#### [Your goal]
Could you transcribe exactly the lines below, from the line with "2024年7月,江苏省高等教" through the line with "児童玄関の傘立てを見ると、使", and nothing else, leaving out the pictures?

#### [Records supplied]
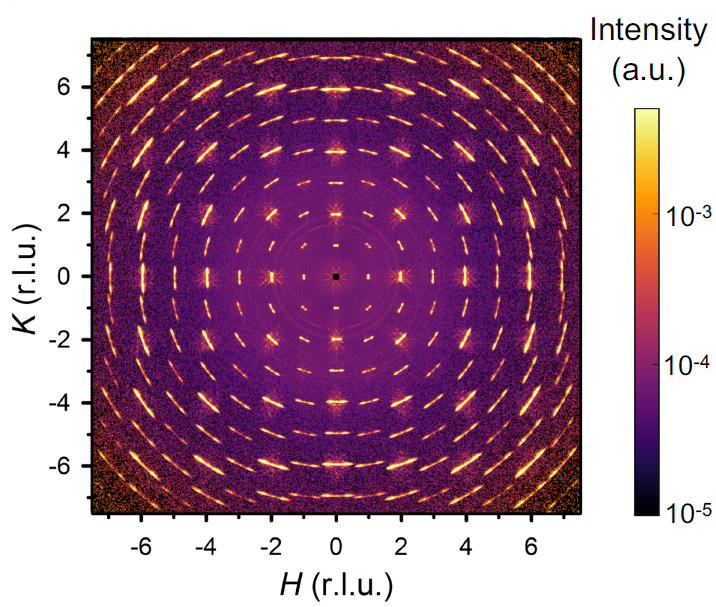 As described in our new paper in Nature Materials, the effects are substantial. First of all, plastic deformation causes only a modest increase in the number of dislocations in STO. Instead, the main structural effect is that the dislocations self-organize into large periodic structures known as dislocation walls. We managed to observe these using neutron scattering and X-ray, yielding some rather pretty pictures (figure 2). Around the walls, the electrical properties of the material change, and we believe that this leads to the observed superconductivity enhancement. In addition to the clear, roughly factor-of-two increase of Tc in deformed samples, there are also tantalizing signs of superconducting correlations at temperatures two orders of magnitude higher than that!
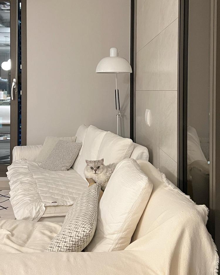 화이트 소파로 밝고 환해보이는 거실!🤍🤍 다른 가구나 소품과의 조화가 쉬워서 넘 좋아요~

* * *

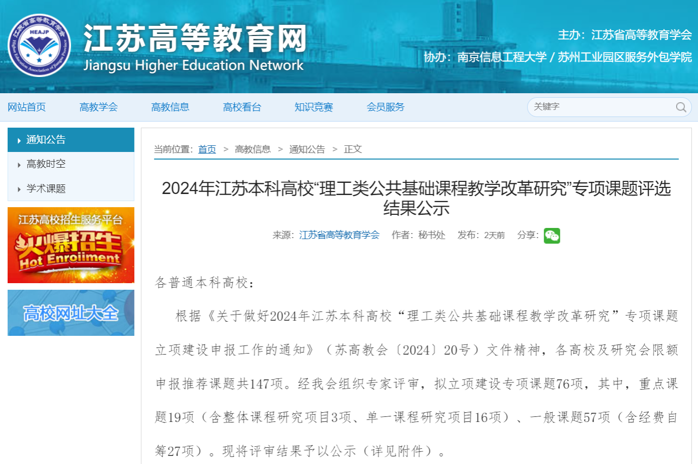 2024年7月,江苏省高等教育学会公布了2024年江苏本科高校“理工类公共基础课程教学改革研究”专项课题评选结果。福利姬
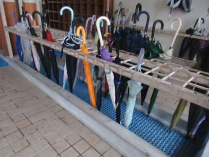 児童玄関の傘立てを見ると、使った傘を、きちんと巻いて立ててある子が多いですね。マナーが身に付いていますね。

#### [Worked solution]
 2024年7月,江苏省高等教育学会公布了2024年江苏本科高校“理工类公共基础课程教学改革研究”专项课题评选结果。福利姬
 児童玄関の傘立てを見ると、使った傘を、きちんと巻いて立ててある子が多いですね。マナーが身に付いていますね。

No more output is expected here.